Philip Bille, DTU Compute

Shortcut through data jungle

Tuesday 19 May 15
|
by Iben Julie Schmidt

Contact

Philip Bille
Associate Professor
DTU Compute
+45 45 25 36 47

New methods of compressing data may be the solution to many of the challenges posed by growing volumes of ‘big data’. New smart compression algorithms enable working directly in the compressed data. In addition to saving time and storage space, the technology will be able to process even larger data volumes.

BIG DATA is on everyone’s lips, as there is huge potential in the data explosion we are currently experiencing. Regardless of whether your chosen field is disease research, marketing, climate problems, or understanding the universe, it seems that the answers we seek are hidden in the petabytes of data that are generated in an endless stream.

But as promising as the growing data volumes may be, they pose major challenges in the form of insufficient storage space, computer power, memory, bandwidth, and not least, time—which is why data compression is an increasingly important factor. At DTU Compute, a researcher has become something of a data compression pioneer since showing it was possible to work in compressed data.

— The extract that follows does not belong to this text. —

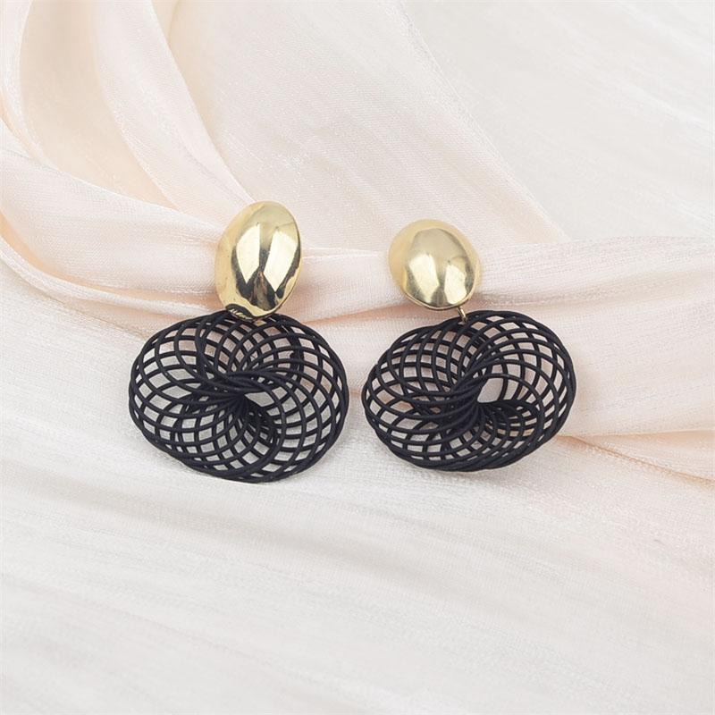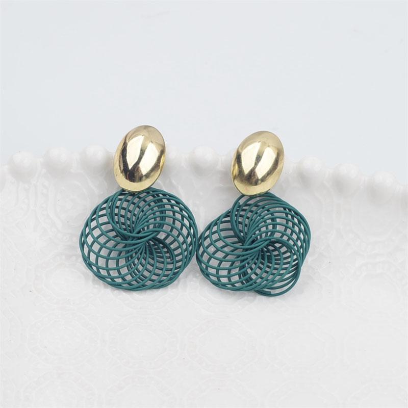 Богемные полые сетчатые подвески Женские серьги-подвески Фиолетовые Красные Винтовые Спиральные Подвесные Серьги Металлические Овальные Серьги-капли

Jumping around in compressed data
“I showed that you can take compressed data—in this case a classic Lempel-Ziv compression—and then build something on top of them, enabling you to jump around in the data and carry out different tasks without first having to decompress them, and that was a real eye-opener. What we really did was invent a new way of representing data. By combining a range of different, classic techniques we created a new internal data structure,” explains Philip Bille, Associate Professor at DTU Compute.

The new method attracted attention, as the ability to work in compressed data without the need for storage space or spending time on decompressing the data, can open up new opportunities. One of the areas where the method has already proved viable is video surveillance. 

Search in surveillance video
“Surveillance cameras typically record idle footage, i.e. hours and hours of video where very little or nothing is happening so you can save it in a compact way where it takes up far less space—but at the same time it’s an advantage if you can quickly search for specific things. That way you avoid having to sift through endless hours of video surveillance. In a project funded by the Danish National Advanced Technology Foundation, we collaborated with—among others—the video software company Milestone to develop a search function that can perform various smart searches: For example, you can select a specific area of the recording and then perform a search when you know when something has taken place in precisely that area. And our job has been to render the data as small as possible,” explains Philip Bille.

DNA codes can be compressed efficiently
A second area where the method can play an important role is in gene sequencing. Since the development of Next Generation Sequencing, the price of DNA sequencing has fallen drastically, and this has meant that gene sequencing information is one of the areas where data volumes are growing the fastest. In projects such as Genome Denmark, for example, scientists have sequenced the complete genome of 30 Danes in order to conduct research into the link between genes and diseases, and this requires a lot of data capacity. However, this is only the beginning of a development where more and more people as well as other organisms will be exposed to complete genome sequencing.

“It is precisely in the field of gene sequencing that it makes really good sense to compress data, for even though a full genome takes up over 3 billion basepairs, DNA sequences from the same race are incredibly similar. Over 99 per cent of the genetic code is completely identical, so once you have saved the genome, it’s possible to compress the others relative to the first, enabling them to be compressed very efficiently and stored in compressed form. The exciting prospect is to develop these compression methods that at the same time enable us to work in data—for example, search for specific patterns or gene variations without first having to decompress the large volumes of data. And this is one of the goals of our future research,” explains Philip Bille.

Algorithms of the future
Associate Professor Philip Bille was recently awarded the prestigious Sapere Aude grant of DKK 7 million by The Danish Council for Independent Research. This means that in the coming years he and Associate Professor Inge Li Gørtz, two PhD students, two postdocs, and partners from Israel, Norway and Finland will be able to continue their research into searching and indexing in compressed data, among other things.

Philip Bille’s team of researchers will work with both existing compression algorithms and try to build future algorithms designed so that they can be worked in from the outset.